Non è solo la guerra, cioè l’azione malevola e sanguinaria degli uomini a causare la morte, ma anche la natura, il diffondersi di una malattia infettiva. E davanti a tale pressione di morte, a tali situazioni estreme, non è così facilmente separabile il bene dal male. O meglio, esistono azioni buone ed azioni cattive, ma le persone che le compiono possono non esserlo fino in fondo, segnati da famiglie e da indoli diverse, che si realizzano nell’esercizio ossessivo del potere come Stefano, o nella disponibilità silenziosa all’accoglimento, ma anche al sacrificio, come Giulio.

Anna  sarà il personaggio chiave nel suo passare dall’uno all’altro, testimoniando in tale transito anche la comunicazione tra i poli distinti degli amici. Partendo dall’errore commesso rivelando ciò che è accaduto e che sarà fatale per il soldato giustiziato, Anna giungerà a soccorrere Giulio ammalato, che si accascerà a terra in un paesaggio innevato.

Anna nel film bacia Stefano e abbraccia Giulio.
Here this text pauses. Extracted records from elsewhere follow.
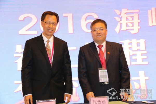 中国建筑业协会深基础与地下空间工程分会理事长张晋勋先生与财团法人地工技术研究发展基金会董事长俞清瀚先生共同签属会议纪要
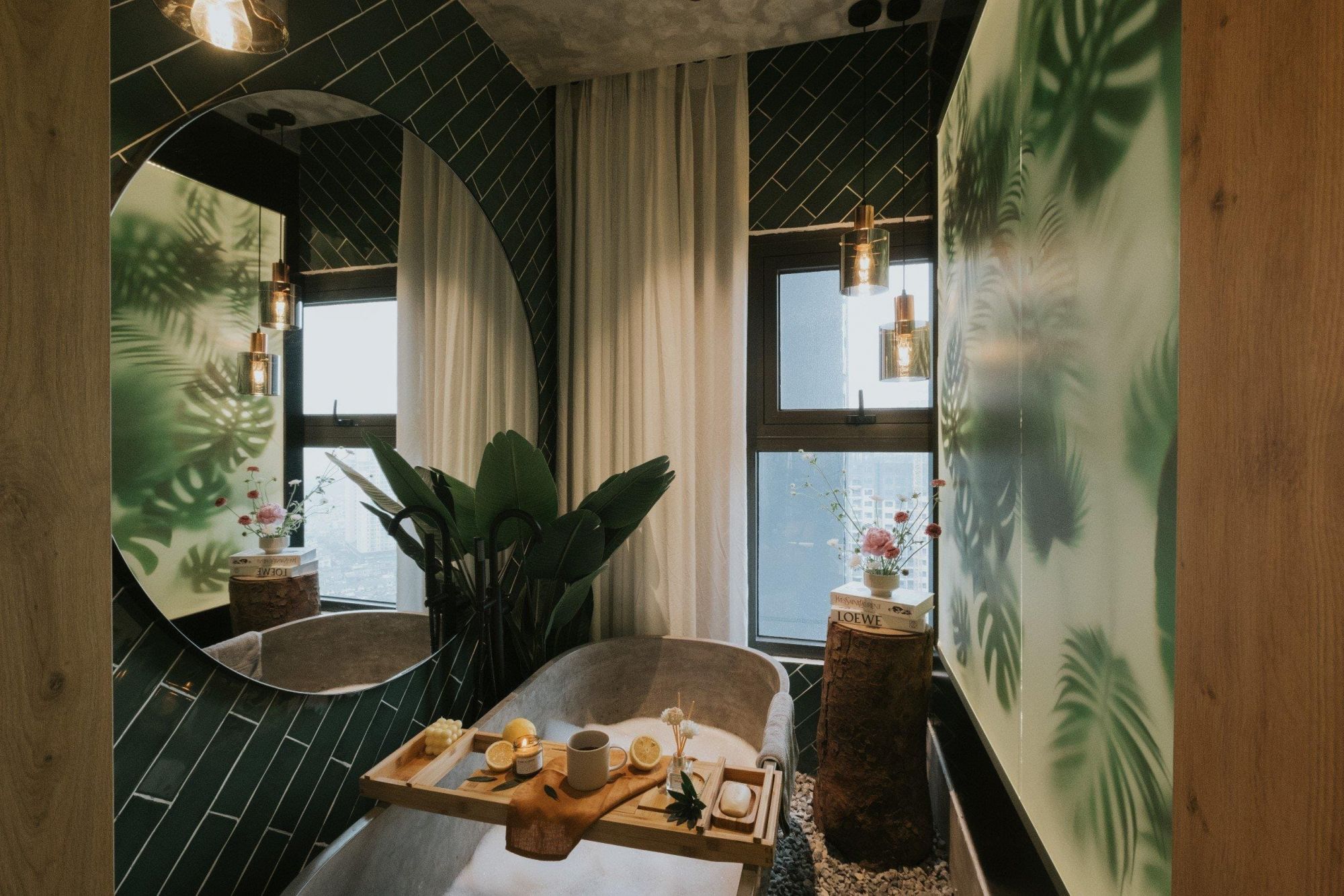 Điểm nhấn độc đáo của căn hộ chính là bồn tắm đặt giữa không gian mở, nằm cạnh khung cửa sổ lớn. Bạn có thể ngâm mình trong làn nước ấm, thư giãn giữa ánh sáng tự nhiên, vừa ngắm nhìn bầu trời xanh bên ngoài. Trải nghiệm này không chỉ mang tính thẩm mỹ mà còn giúp giải tỏa căng thẳng, phục hồi năng lượng sau những ngày dài.
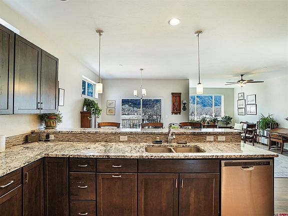 Never before listed, take advantage of this amazing opportunity to own one of the few coveted end-units in Crimson Cliffs Townhomes! This light 'n bright unit is part of the Phase IV development and boasts natural light and incredible views from nearly every room. As you enter the home, you're greeted by a foyer that wraps into an open kitchen / living room concept on the main level. Elegant engineered wood flooring runs throughout, with a conveniently located powder room on the main level as well. The kitchen is well appointed with granite countertops, a breakfast bar, induction stove, convection oven, microwave, and dishwasher all adorned in stainless steel. The eat-in dining room opens directly onto a covered back porch with sweeping views of the red cliffs of the Animas River Valley. On the second level you'll find three amply sized bedrooms and two bathrooms with engineered wood and tile flooring respectively. The large primary suite has a sliding glass door that takes you out to your private covered patio, an entrancing place for morning coffee/tea/sunshine while enjoying huge views of the valley. The primary bedroom also provides you with a large closet and attached five-piece bathroom. The second and third bedrooms not only share a full bath, but have doors to yet another covered porch with views of the mountains to the west and north. Other amenities in this single-owner townhome include but are not limited to: an oversized two-car garage with access to main level, whole home surge protector, and more. This one of a kind home on Animas View Dr. will not last long, schedule your viewing today!
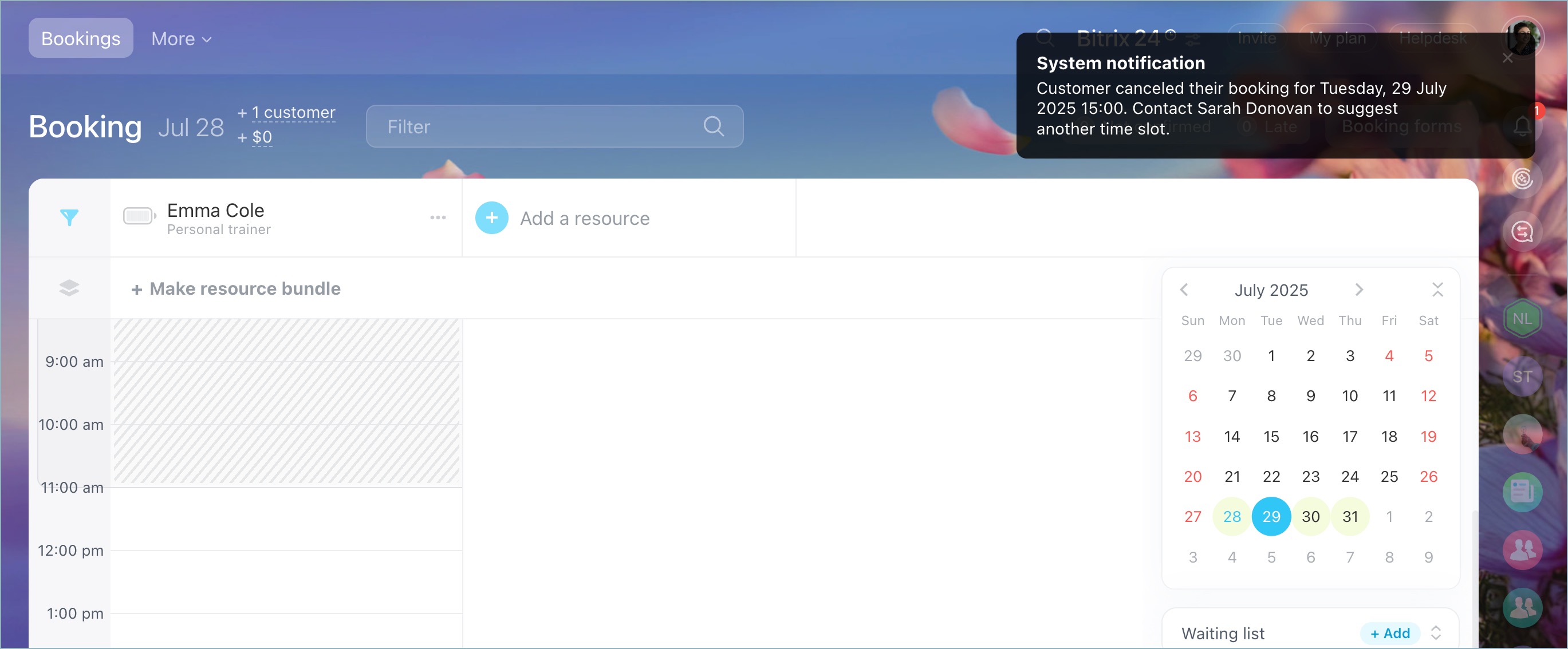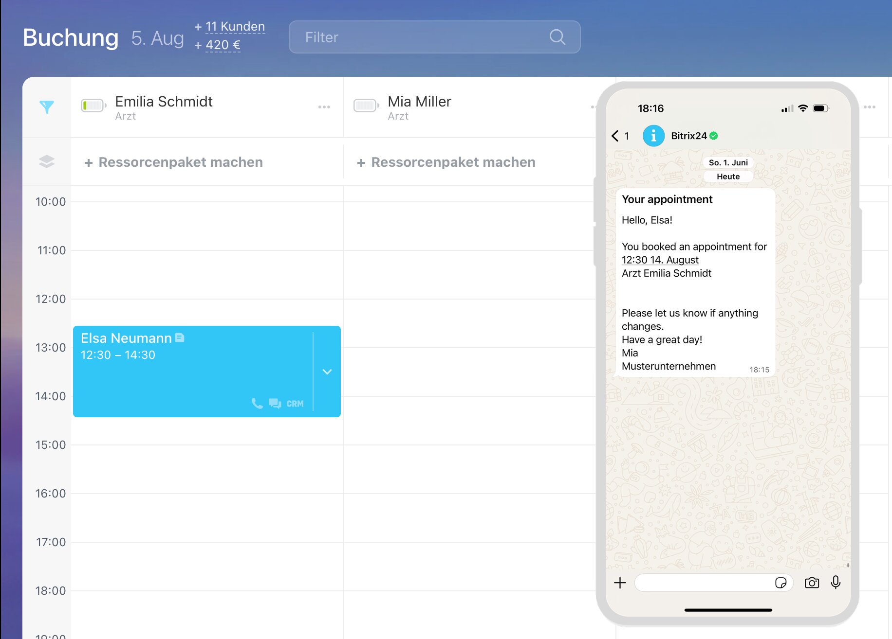 Unabhängig davon, wie sie buchen, sendet Bitrix24 automatisch Erinnerungen, um sicherzustellen, dass der Termin nicht vergessen wird und um das Risiko von Nichterscheinungen zu verringern.
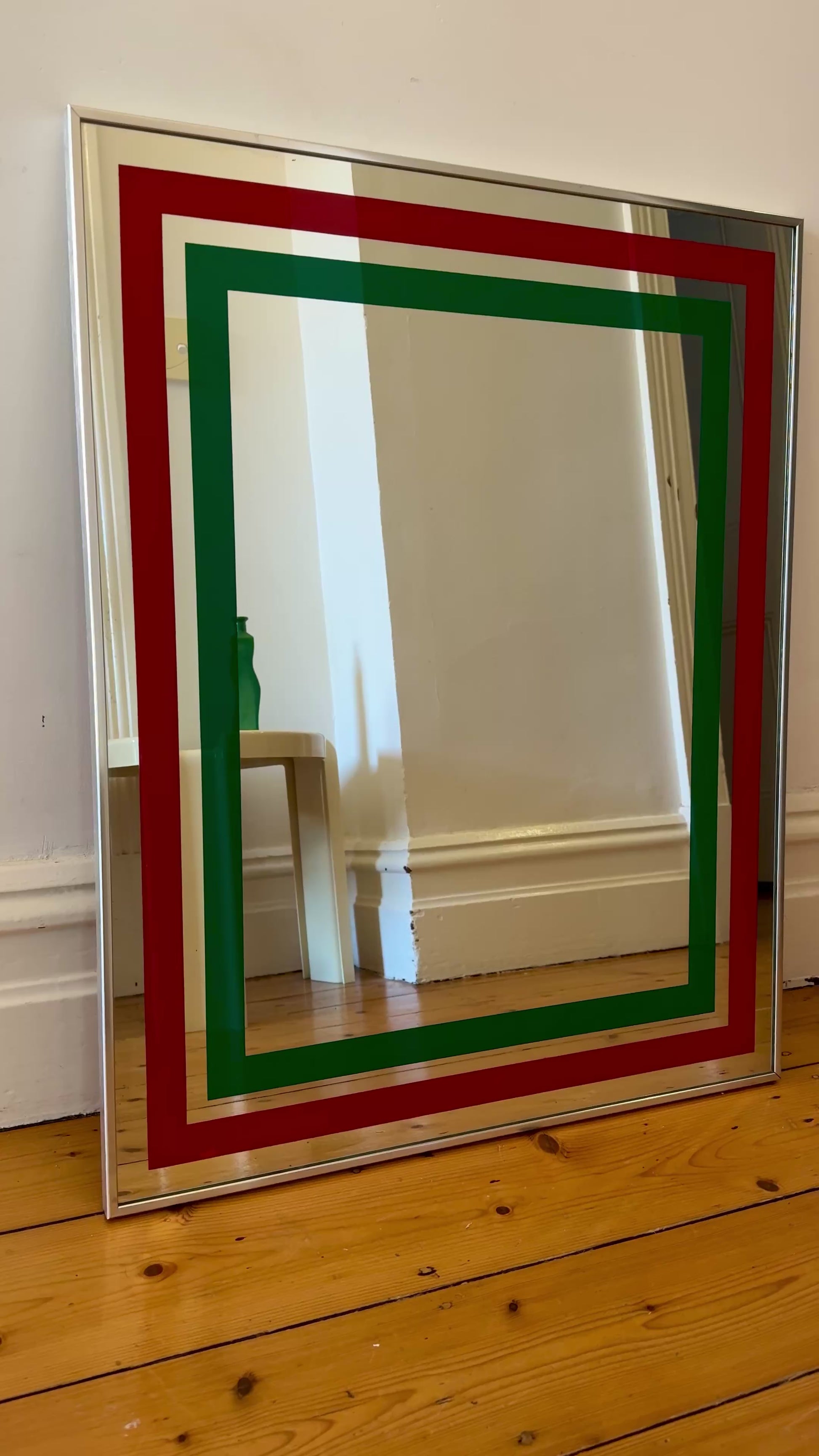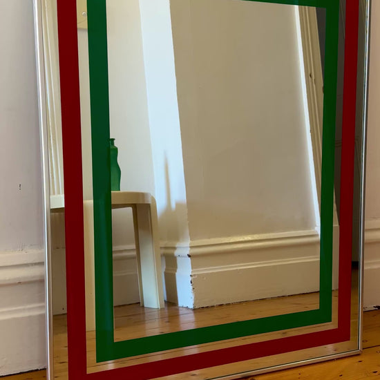 Rare vintage Champion mirror featuring bold red and green geometric bands layered on mirrored glass. With its striking postmodern design and clean silver-tone frame, this piece is a standout example of 1980s Australian decor.
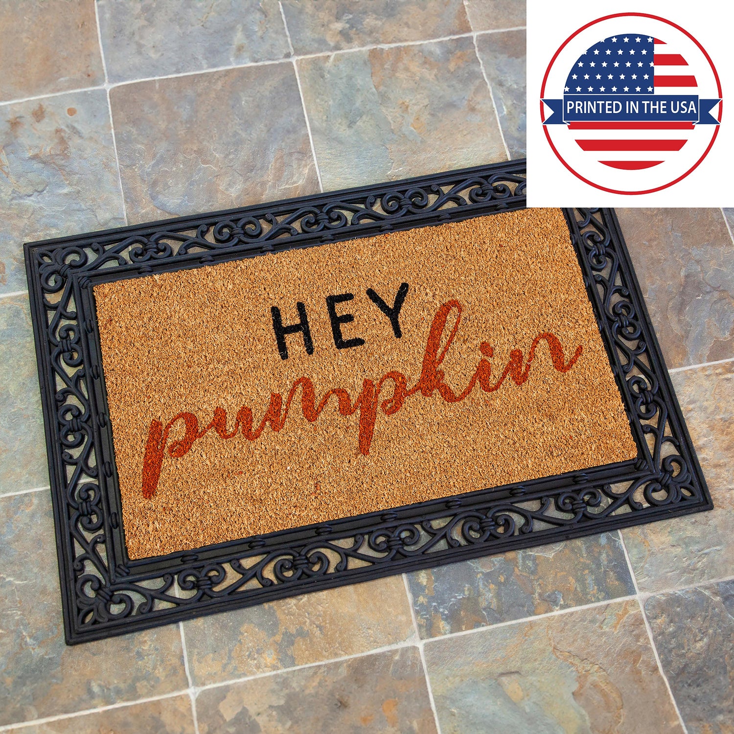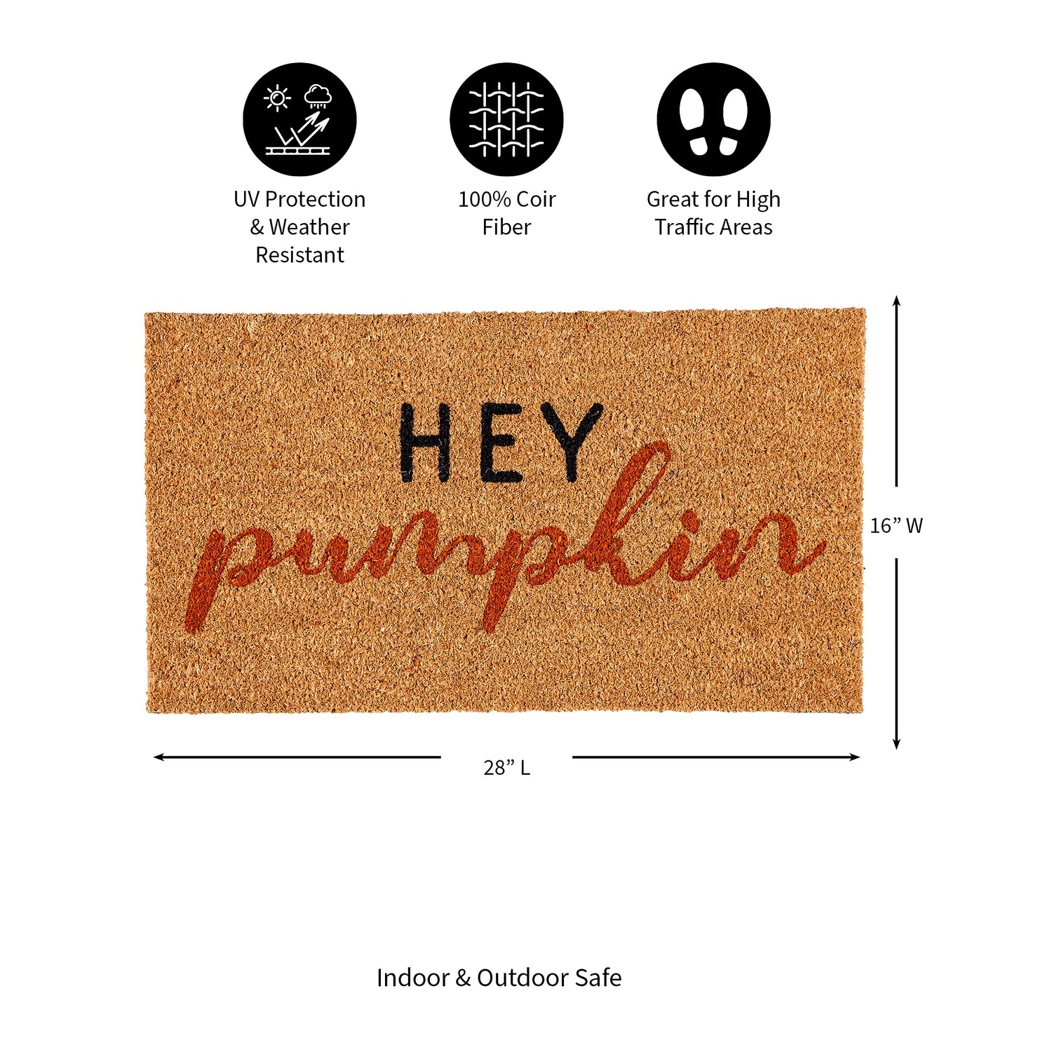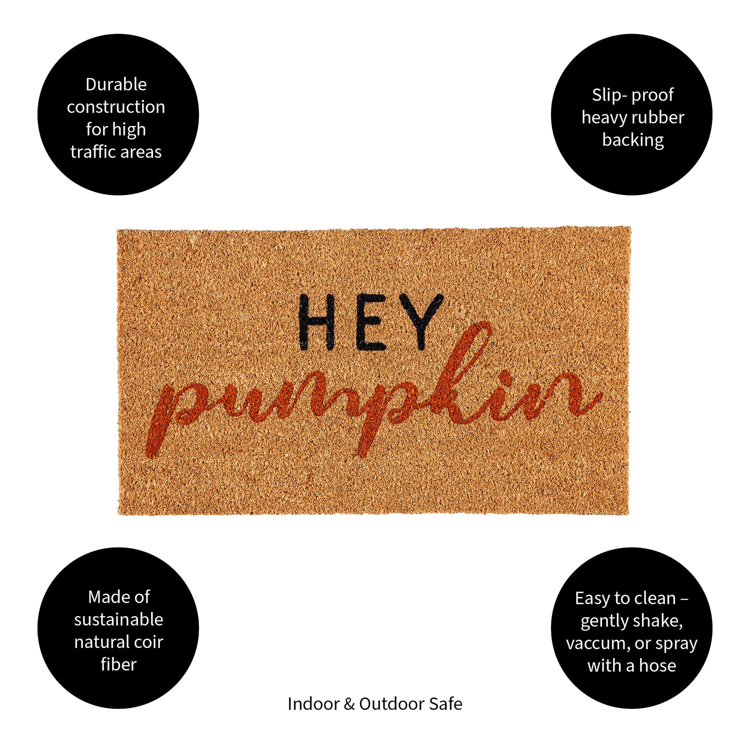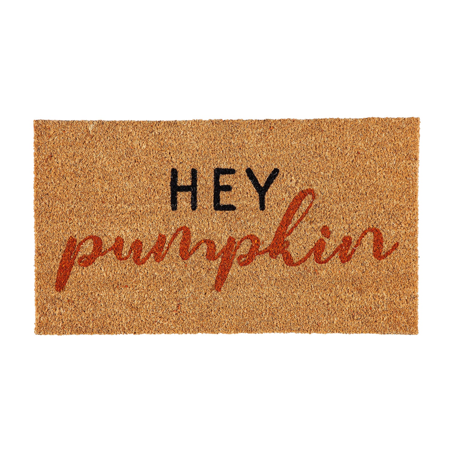 Welcome everyone from family to trick-or-treaters to the home with this coir mat. It features the simple but sweet message "Hey Pumpkin". Crafted from coco husk fiber, this eye-catching mat is natural and eco-friendly. Ideal for high traffic areas, it traps dirt and debris to prevent messes from being tracked into homes. Designs are printed directly on the mats with fade-resistant dyes. Since the mat is crafted from natural coir, some shedding is to be expected. Shake off excess fibers or use a soft brush to gently sweep.

Non c’è gioco a tre, rivalità o altro. Si tratta di affetto tra tre parti di una stessa anima, questa è la magia quasi ipnotica del film. Mai nel film i personaggi assurgono ad un’autonomia tale da poter essere collocati in una dinamica drammaturgica classica: nessuna vera discussione, né conflitto, né contesa d’amore tra i tre. Sono uniti e distinti, e Anna è la mediatrice tra il tratto inquisitorio e sospettoso di Stefano e quello accogliente e protettivo di Giulio.

Il vero campo di battaglia a cui allude il film è allora l’anima (non vediamo mai una scena di guerra), le tante ferite a cui è sottoposta, le lacerazioni insanabili, le forme opposte in cui si può rispondere a tale dolore. I corpi feriti stanno lì per le anime che li abitano e che avrebbero bisogno di una parola che le sani piuttosto di una che le giudichi e le condanni, sprezzante della vita più di quanto non lo sia la guerra stessa.

I primi piani dei volti dei tre amici, contrapposti ai primi piani dei feriti, dei malati, di chi chiede aiuto tra la popolazione civile, restituiscono la rappresentazione della vita umana come gran teatro del dolore in cui al fondo sembra nessuno riesca a sfuggire. Questo teatro il film lo restituisce in una forma potentemente astratta capace di interiorizzare ed universalizzare tutto il dramma sociale e storico, e di renderlo quindi attuale. In questo sta la grande forza del film di Gianni Amelio, quella di parlarci dell’allora ma anche dell’ora, di parlarci dell’ora (guerre, pandemie) attraverso l’allora.

Campo di battaglia. Regia: Gianni Amelio; sceneggiatura: Gianni Amelio, Alberto Taraglio; fotografia: Luan Amelio Ujkaj; montaggio: Simona Paggi; musiche: Franco Piersanti; interpreti: Alessandro Borghi, Gabriel Montesi, Federica Rosellini, Giovanni Scotti, Vince Vivenzio, Alberto Cracco, Luca Lazzareschi, Maria Grazia Plos, Rita Bosello; produzione: Kavac Film, IBC Movie, One Art, Rai Cinema; distribuzione: 01 Distribution; origine: Italia; durata: 103’; anno: 2024.